Thank you for your personal story Robert. I can relate a bit to your experience as I was born in Denmark in April of1945, a few days before the war ended. It is safe to say that my life was shaped by the aftermath of the 'time' jung speaks about - of all the events to terrible to comprehend. My mother, who is nearly 104, lived through that entire period of madness, and I am becomming more appreciative of how that has shaped her entire life.
My struggle now in 'holding the tension of the opposite' is perhaps simply lack of courage to face the grief, depression, and helplessness that confronts the descent, and yet, it seems like I am compelled to move forward to understand. To understand why this all is as it is.
Robbie - I think your story reveals the essence of the TRB journey. And, I suppose, Jung's dreams were as real as your tactile experience. How lucky you are to have had such an experience. How lucky you are to have recognized it for such. What a "shard!" What a balancing of the scale! These are the gifts that life brings us if only we are open. I think this TRB journey is about opening the door or keeping it open.
In aid of Jung’s narrative images in this section, I found the minuscule paintings at the beginning of the book in Liber Primus haunting and immensely moving, as they show how much intensity of concentration Jung invested in bringing forth (shall we say embodying?) his images.
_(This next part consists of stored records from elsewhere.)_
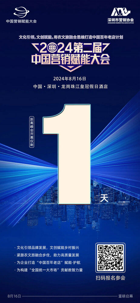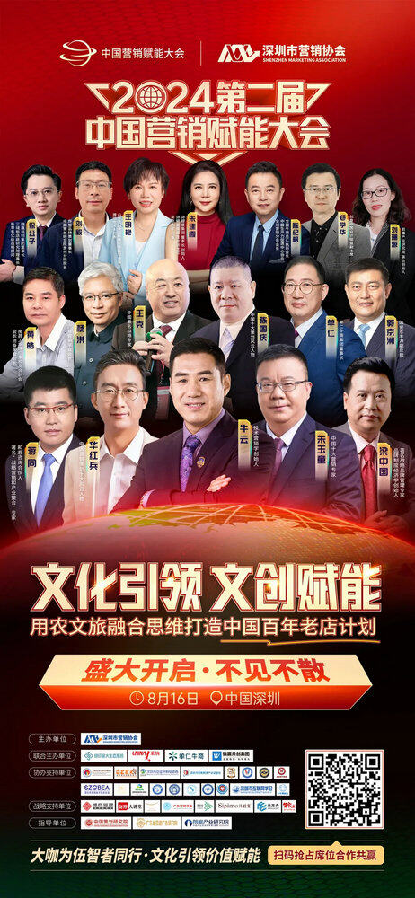 “文化引领 文创赋能,用农文旅融合思维打造中国百年老店计划”2024第二届中国营销赋能大会将于2024年8月16日在深圳龙岗珠江皇冠假日酒店隆重举行。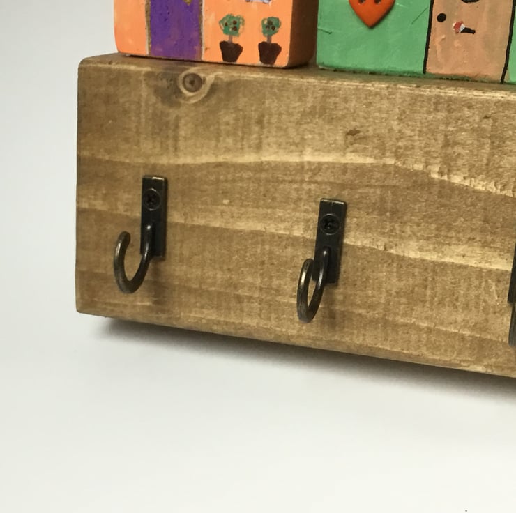 This adorable little lane of wooden cottages is the perfect place to keep your keys safe. Featuring three hand painted cottages mounted on a waxed wooden block, this little lane will be a very attractive addition to your hallway. The four vintage style hooks will safely hold keys, headphones or other little things that get lost on flat surfaces.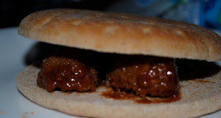 I took 1 Deli Flat and cut 2 meatballs in half. Added a little cheese and chowed down! This was a scrumptious sandwich. I do believe I was constantly saying mmmmmm, while eating it!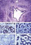 Histologically, the nodule located in the middle lobe was a collision tumor of 2.5cm diameter formed by a lung adenocarcinoma with a poorly differentiated grade (1.1cm×1cm) and a metastatic ACC (1.5cm×1cm) 0.2cm away from the primary tumor. We did not observe histological admixture or an intermediate cell population zone (Fig. 2a). A subpleural nodule of ACC was also observed in the right lower lobe (0.5cm). There was no evidence of vascular invasive tumor, the resection bronchial margin was negative and all the lymph nodes were free (Fig. 2). In the immunohistochemical work-up, one area consisted of glandular neoplasic proliferation with poorly differentiated areas and large cells with severe cytologic atypia TTF-1 positive (Fig. 2b) and C-kit (CD117) negative (Fig. 2d). The other area was formed by basophil epithelial nests with the presence of mucoid material inside. These cells showed a moderate grade of cytologic atypia and were positive for C-kit (Fig. 2e) and negative for TTF-1 (Fig. 2c).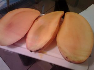 マンゴーの食べ方は下の画像のように、魚を三枚におろす要領で、中心にある平たい種を取り除きます。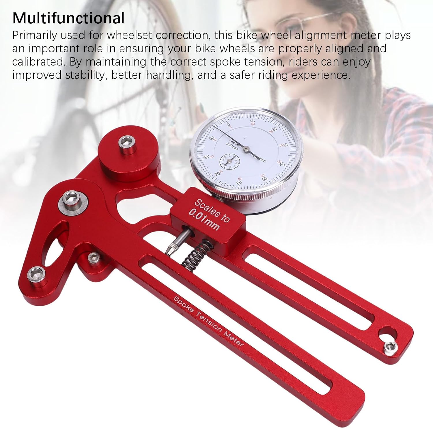 1. Long Term Use: Designed for durability and longevity, this bike wheel spoke tension meter provides an economical solution for cyclists and mechanics alike. Its robust construction ensures it can withstand frequent use. 2. Rugged Alloy Construction: Made from excellent alloy materials, this bike spoke tension adjustment meter is not only strong and rugged. Its high utility ensures consistent performance, providing cyclists with a good tool that maintains its integrity even in varying environmental conditions. 3. Fine Tension Measurement: This bike spoke tension meter is specifically designed to effectively measure spoke tension for round spokes, various spoke types, and finished wheelsets. Accurate tension readings are important for optimal wheel performance, and this tool helps ensure your spokes are well adjusted for enhanced riding experience. 4. Versatile Applications: The bike wheel rim alignment meter is widely applicable, making it suitable for a range of cycling needs. Whether you're a professional mechanic, a serious cyclist, or simply maintaining your bike at home, this tool serves as an essential part of your wheel tuning process. 5. Multifunctional: Primarily used for wheelset correction, this bike wheel alignment meter plays an important role in ensuring your bike wheels are properly aligned and calibrated. By maintaining the correct spoke tension, riders can enjoy improved stability, better handling, and a safer riding experience. Spec: Item Type: Bike Spoke Tension Meter Material: Alloy packing list: 1 x Bike Spoke Tension Meter 1 x Tension Comparison Chart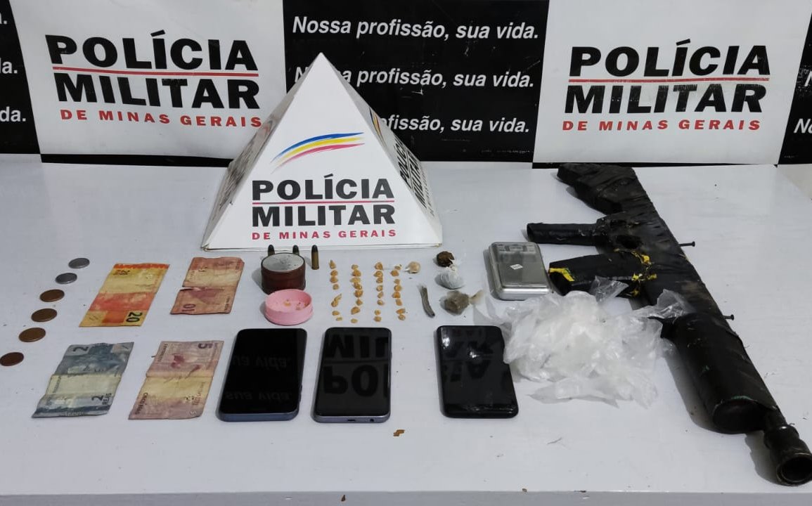 Durante a abordagem foi encontrada uma réplica de uma submetralhadora, 32 pedras de crack já fracionadas para venda, uma porção de crack, três buchas de maconha, três celulares, um cigarro de maconha, uma balança de precisão, dinheiro, três munições calibre 32 intactas, um dichavador, diversos sacos plásticos, um recipiente contendo resquícios de crack.

If you have the Red Book on your computer, you can blow them up. I don’t know whether this link still works, but if so, you can get a free download of the facsimile Red Book, and scroll through and commune with the paintings:
http://www.multiupload.com/XLDJJWGCE8
In Descent into Hell in the Future he has painted the blond body floating (looks like swimming) by with the scarab and the red sun along with the cave scene (p. 6 unnumbered pages--just count them), the murder of the hero (p. 8) and there’s even a little scene with Jung as initiate with Elijah and Salome in the Mysterium (p 10).
Just checking in to find this thread....thanks, go it now.
Hi Gunni - I tried to converse with you but my reply did not appear to upload. Regards Linda
Good morning Gunni - the spirit of the time wanted me to wait, so here I am this morning and what I had prepared to share with you has now changed and here is this mornings reply to you.
Seeing you and I are brave enough foot soldiers concerning the matter of pus (real or imagined); for me the effect of reading about Jung's pus moments, listening to Robbie's reading of Jung's pus from the spirit of his depths; had a profound effect upon me tow mornings ago, tapped into my memory banks of the accumulated dressing changes that spanned my nursing career with recall of what I shall name the dirty dozen.
I went back and re-read pg. 139 (Readers) to be with the forging of the Jung's pus (WW1 + WW2) - those war stories he was listening from the foot soldiers at the front-lines plus the horror he was experiencing in his time. The melting together across time, concerning both memories of real and imagined - suspended out-of-time - surreal pus surpirised the depths that got stirred in me.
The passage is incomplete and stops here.